▶ What is needed:
Please retype the listing below word for word and exclude its images.

▶ Data block:
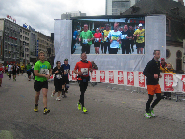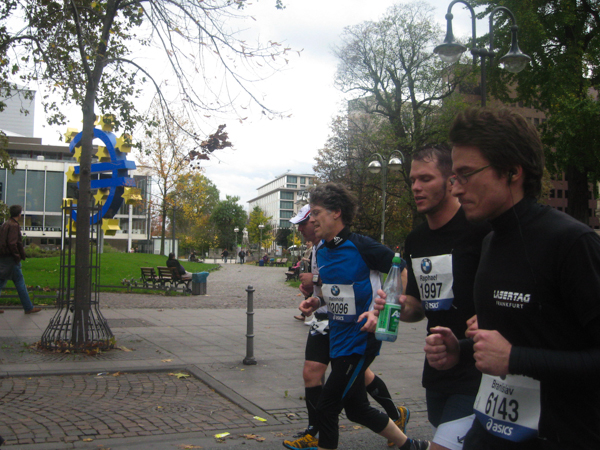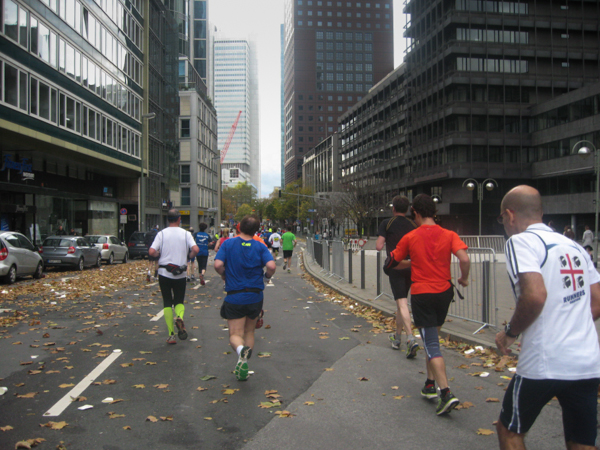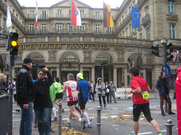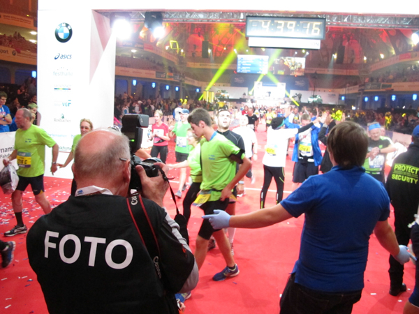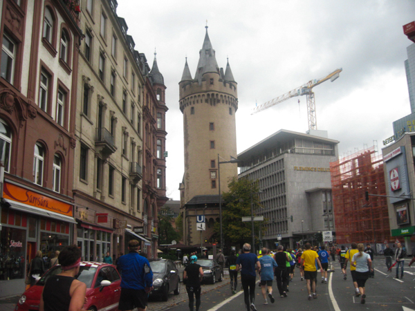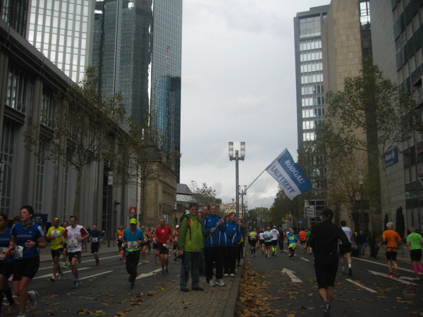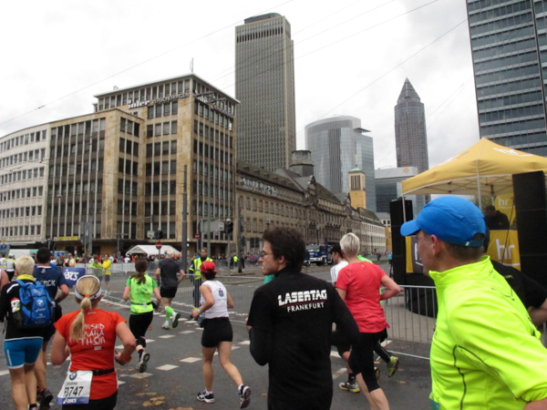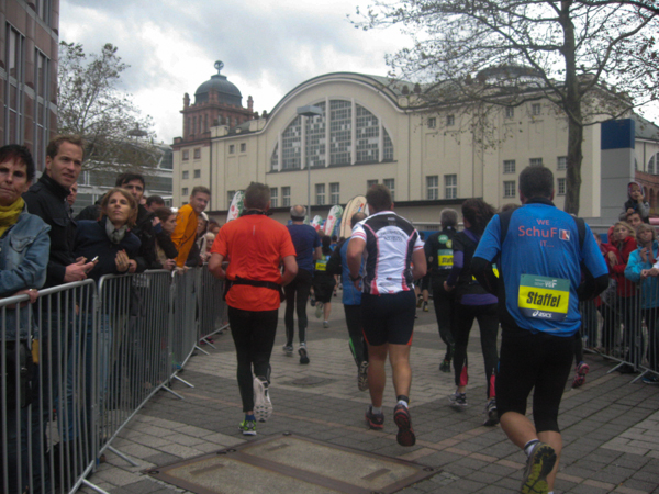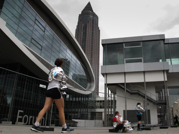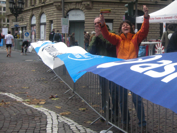 Jetzt heißt es „Rücke vor bis zur Festhalle“! Der Messeturm kommt in Sichtweite. Noch etwa ein Kilometer zu laufen. Rechts und links stehen an den Drängelgittern die begeisterten Zuschauer. Das Herbstlaub fegt den Läufern um die Ohren. Ganz so als ob der Wind einen Zieleinlauf verhindern will, pfeift er teilweise mit bis zu 75 km/h den Läufern entgegen. Der Hammermann weist den Weg hinein in die Festhalle.
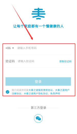 2.在登录页面输入手机号码及短信验证码,即可完成账号注册与登录流程。
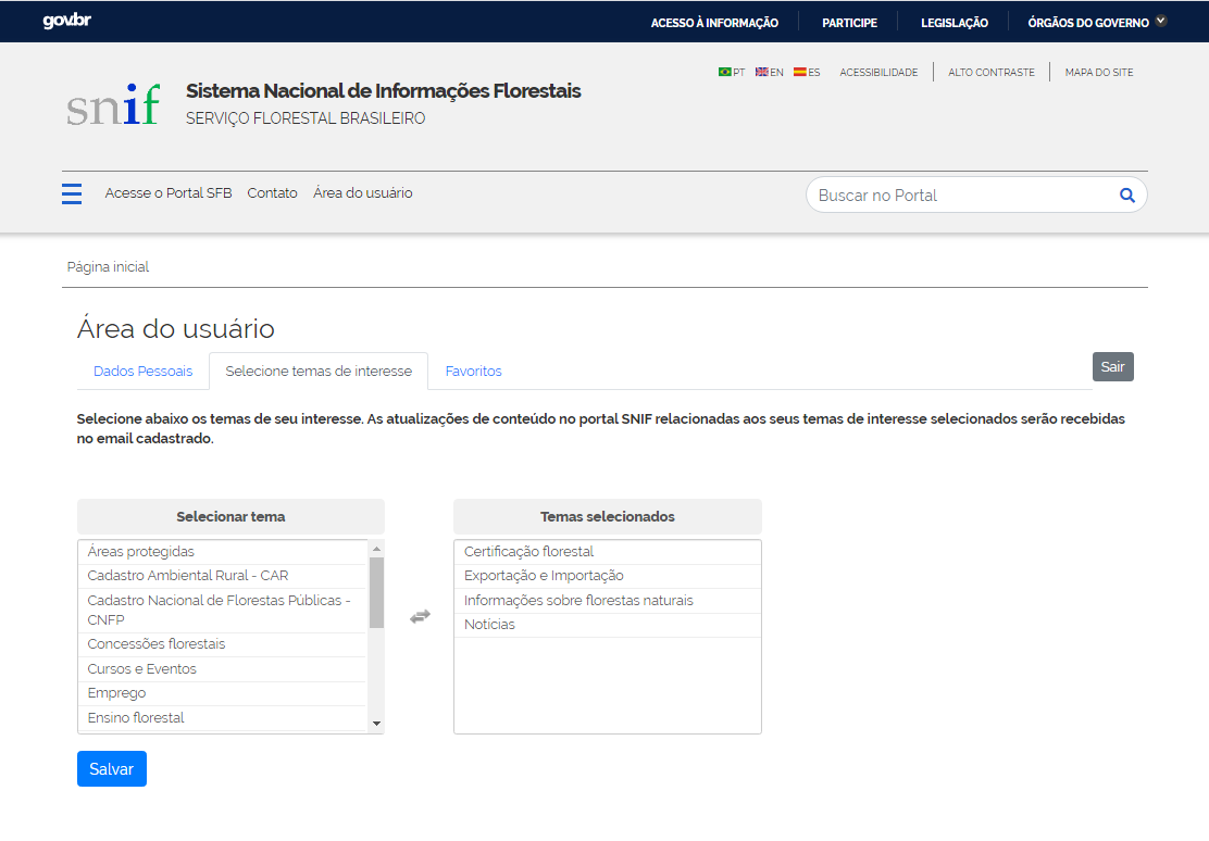 A partir dessas informações, sempre que houver a inserção de um novo conteúdo ou atualização, o sistema vai enviar ao usuário mensagem, via e-mail, informando a atualização daquele assunto de interesse. O SNIF pretende conhecer o público que navega por esse ambiente e orientar a disponibilização de informações florestais que produz.

▶ Solution:
 Jetzt heißt es „Rücke vor bis zur Festhalle“! Der Messeturm kommt in Sichtweite. Noch etwa ein Kilometer zu laufen. Rechts und links stehen an den Drängelgittern die begeisterten Zuschauer. Das Herbstlaub fegt den Läufern um die Ohren. Ganz so als ob der Wind einen Zieleinlauf verhindern will, pfeift er teilweise mit bis zu 75 km/h den Läufern entgegen. Der Hammermann weist den Weg hinein in die Festhalle.
 2.在登录页面输入手机号码及短信验证码,即可完成账号注册与登录流程。
 A partir dessas informações, sempre que houver a inserção de um novo conteúdo ou atualização, o sistema vai enviar ao usuário mensagem, via e-mail, informando a atualização daquele assunto de interesse. O SNIF pretende conhecer o público que navega por esse ambiente e orientar a disponibilização de informações florestais que produz.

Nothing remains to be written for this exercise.